§ **Activity**
For the material that follows, return exactly the lines from the one with "楽器やコーラスなど、生徒さんとそのご家族のみなさんもご一緒に、パーティー参加者全員での合奏・合唱です♪ ![]() |" through the one with "Peach Check Sweet", both ends included.

§ **Excerpted records**
────
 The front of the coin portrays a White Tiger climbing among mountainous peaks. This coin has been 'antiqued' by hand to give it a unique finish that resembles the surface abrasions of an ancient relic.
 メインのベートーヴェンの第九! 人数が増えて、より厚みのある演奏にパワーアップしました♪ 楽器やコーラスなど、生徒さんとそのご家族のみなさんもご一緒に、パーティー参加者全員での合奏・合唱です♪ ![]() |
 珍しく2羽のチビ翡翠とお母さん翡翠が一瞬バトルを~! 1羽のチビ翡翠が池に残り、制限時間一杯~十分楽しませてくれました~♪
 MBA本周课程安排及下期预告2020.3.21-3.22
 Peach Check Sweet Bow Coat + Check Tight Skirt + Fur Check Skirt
────
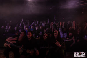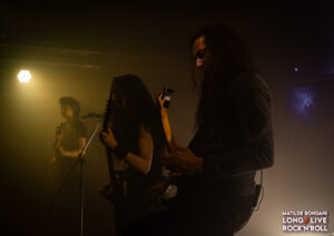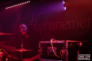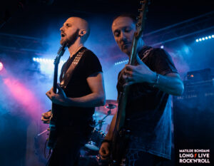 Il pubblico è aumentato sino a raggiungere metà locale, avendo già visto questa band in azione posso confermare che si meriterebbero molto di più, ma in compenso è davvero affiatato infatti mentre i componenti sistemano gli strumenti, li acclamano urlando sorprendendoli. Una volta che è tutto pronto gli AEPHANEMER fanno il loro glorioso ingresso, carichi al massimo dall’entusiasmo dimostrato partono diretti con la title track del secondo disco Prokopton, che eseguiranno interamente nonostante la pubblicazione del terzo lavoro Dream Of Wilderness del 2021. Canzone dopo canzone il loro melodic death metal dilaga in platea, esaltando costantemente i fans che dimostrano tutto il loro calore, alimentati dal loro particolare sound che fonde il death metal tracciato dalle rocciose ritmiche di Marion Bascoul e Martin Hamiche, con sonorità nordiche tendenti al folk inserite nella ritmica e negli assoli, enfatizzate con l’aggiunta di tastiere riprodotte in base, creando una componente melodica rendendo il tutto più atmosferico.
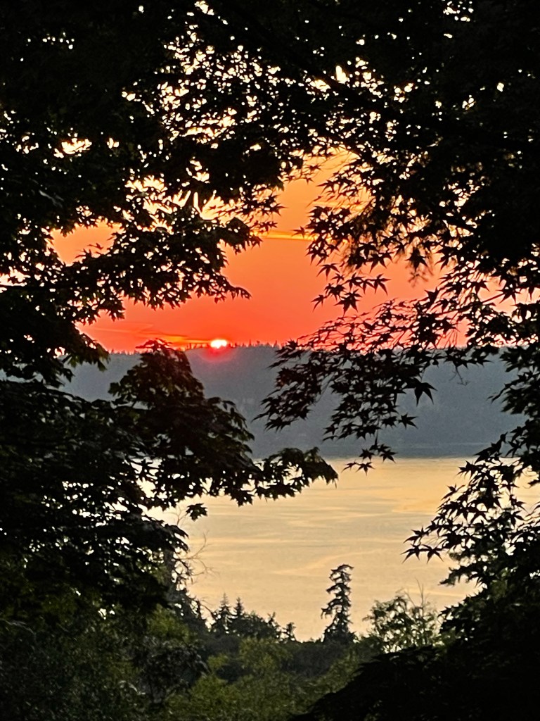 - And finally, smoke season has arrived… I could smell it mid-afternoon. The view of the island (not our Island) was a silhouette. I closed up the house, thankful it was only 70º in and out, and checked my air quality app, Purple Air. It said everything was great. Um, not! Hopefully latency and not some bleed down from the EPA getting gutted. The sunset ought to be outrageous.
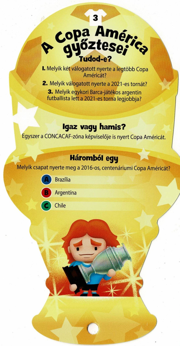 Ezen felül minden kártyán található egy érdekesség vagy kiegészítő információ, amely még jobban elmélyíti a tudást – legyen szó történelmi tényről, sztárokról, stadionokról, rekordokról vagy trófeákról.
────
§ **Written answer**
 メインのベートーヴェンの第九! 人数が増えて、より厚みのある演奏にパワーアップしました♪ 楽器やコーラスなど、生徒さんとそのご家族のみなさんもご一緒に、パーティー参加者全員での合奏・合唱です♪ ![]() |
 珍しく2羽のチビ翡翠とお母さん翡翠が一瞬バトルを~! 1羽のチビ翡翠が池に残り、制限時間一杯~十分楽しませてくれました~♪
 MBA本周课程安排及下期预告2020.3.21-3.22
 Peach Check Sweet Bow Coat + Check Tight Skirt + Fur Check Skirt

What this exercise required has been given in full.